Folks, Prepare Your Environment for the Holidays!

Happy Thanksgiving, folks!

In today’s HOW-TOs edition, I would like to encourage you to prepare your environment for the holiday weekend if you haven’t done so yet. A nice way to keep an eye on your infrastructure is to set up an alerting system for you to be alarmed via email if an unexpected event occurs. One way to configure proactive monitoring is to attach a task to an Event ID in Windows Event Viewer and tell Windows to send you an email every time that Event ID occurs. Here is a list of IDs with context from sources “StreamService,” “StreamProcess” and “Service Control Manager” that may serve you well when it comes to your PVS servers.

Application Log:

1. Event ID 1 – PVS Stream Service STARTED. <Information>

2. Event ID 101 – Unable to contact Citrix license server. <Error>

3. Event ID 107 – Licensing grace period expired. <Error>

4. Event ID 11 – DBAccess error. <Error>

5. Event ID 11 (again) – StreamProcess IP <IP:Port> is disconnected or non-functional. <Error>

System Log:

1. Event ID 7036 – The Citrix PVS Stream Service service entered in a stopping state. <Information>

2. Event ID 7034 – The Citrix PVS Stream Service service terminated unexpectedly. <Error>

For PVS targets, I recommend setting up an alert for any errors in the Event Viewer from source “Bnistack” as those normally point to retries and/or network disconnections.
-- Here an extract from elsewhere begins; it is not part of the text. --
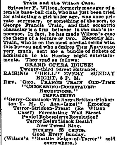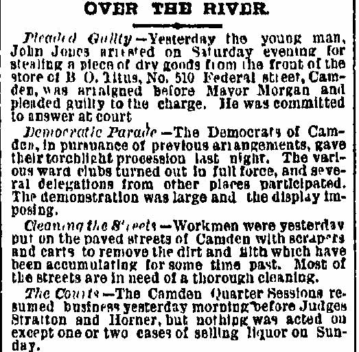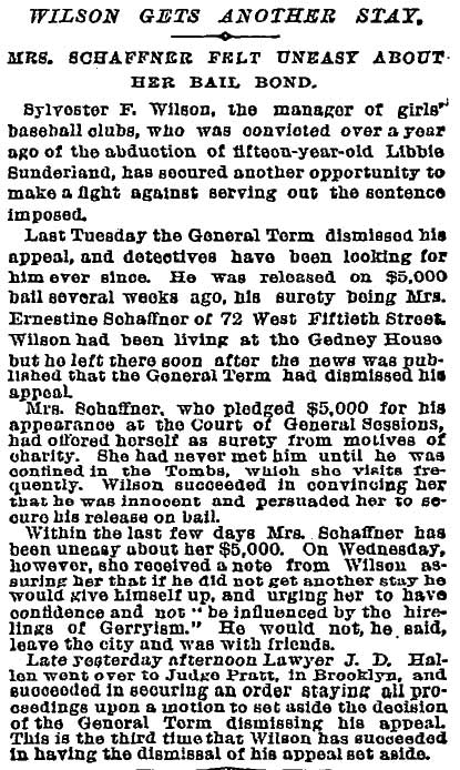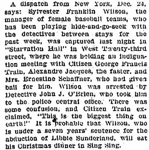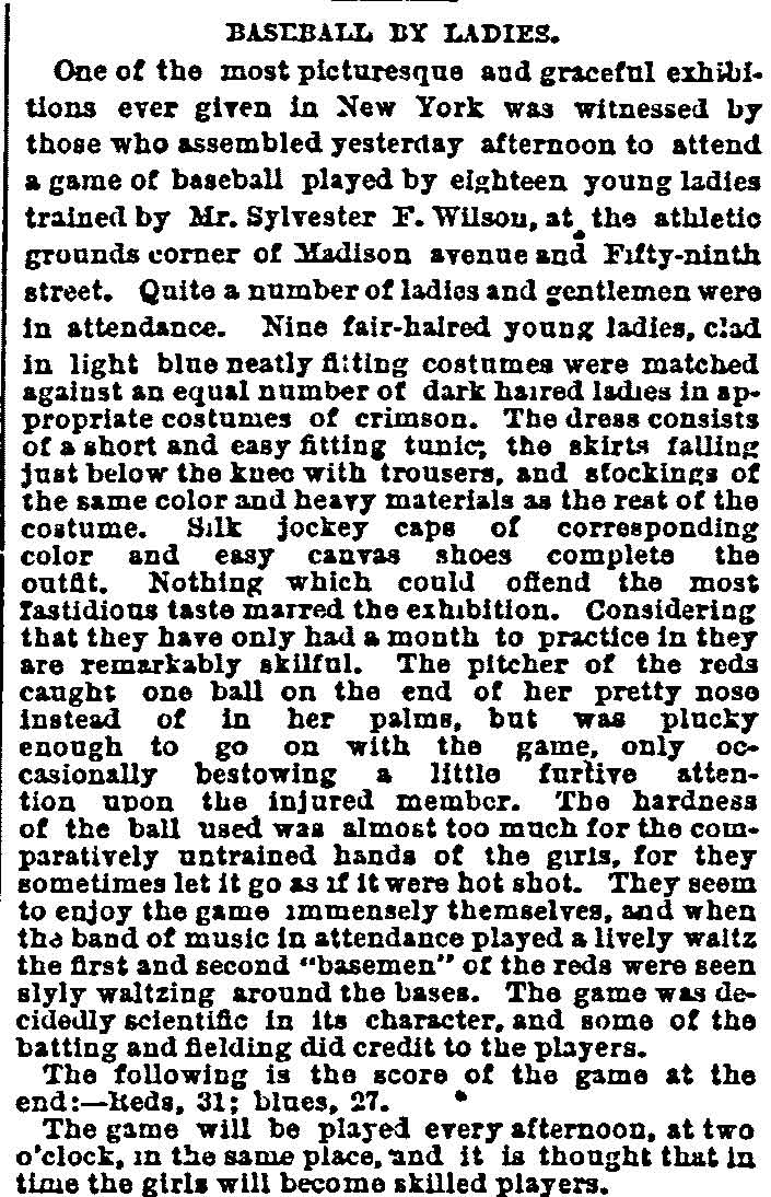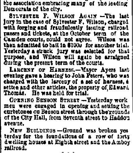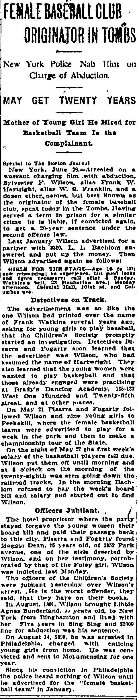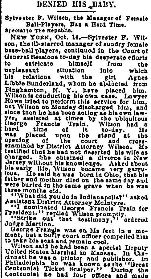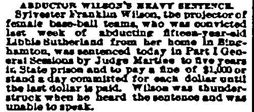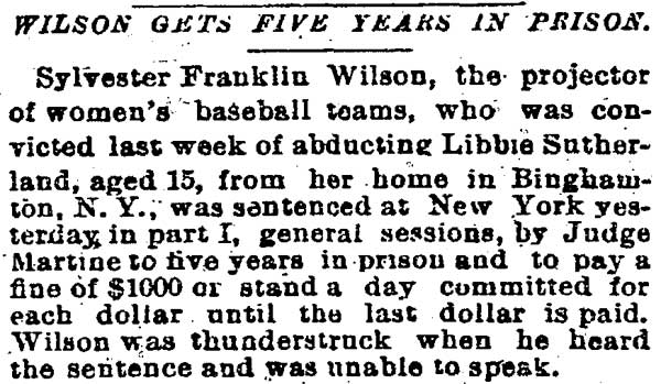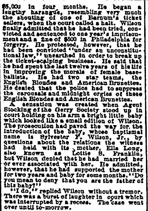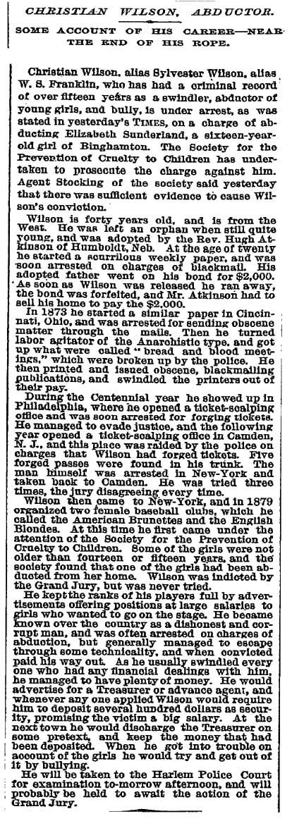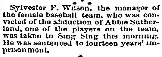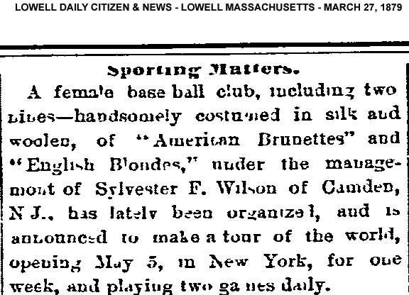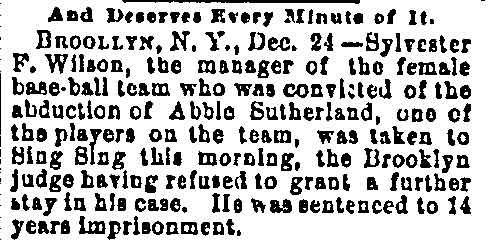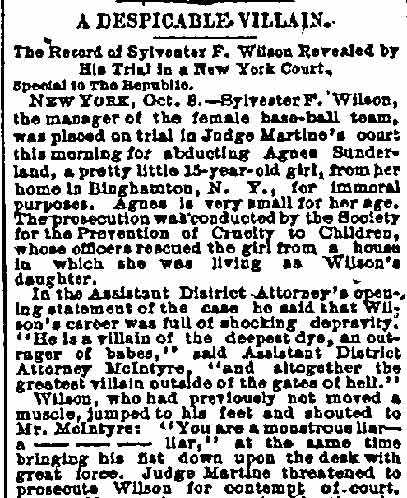SYLVESTER F. WILSON was, when it all comes down to it, not a very nice person. In Camden he made the newspapers in the 1870s for assault and battery, ticket scalping (which involved a certain amount of forgery and counterfeiting), and I'm sure is I spent more time in local newspapers I would find more transgressions. Not long after he wore out his welcome in Camden, Sylvester Wilson began promoting all-girl baseball teams… the "English Blondes" and the "American Brunettes". In time he ran afoul of the law, as at least two of the girls were underage. He also appears to have had a habit of skipping out on paying bills. Sylvester Wilson served time in the New York penal system in the 1890s for his activities, and apparently was still up to his old tricks as late as 1903. In his time, Sylvester Wilson generated a lot of newspaper articles, which I think you will find to be an interesting look into days gone by. If you know more about Sylvester F. Wilson, please contact me by e-mail August 5, 2009 |

If you want to take it a step further, visit John Howard’s blog from Microsoft Technet for additional scripting techniques to get the most information from Windows Event Viewer via email alerts.

And last but not least, feel free to leverage WER (Windows Error Reporting) to generate crash dumps across the board or on a per-application basis whenever a relevant process decides to crash, find instructions HERE.

OK, everyone. The turkey is waiting! 🙂 Enjoy a safe weekend!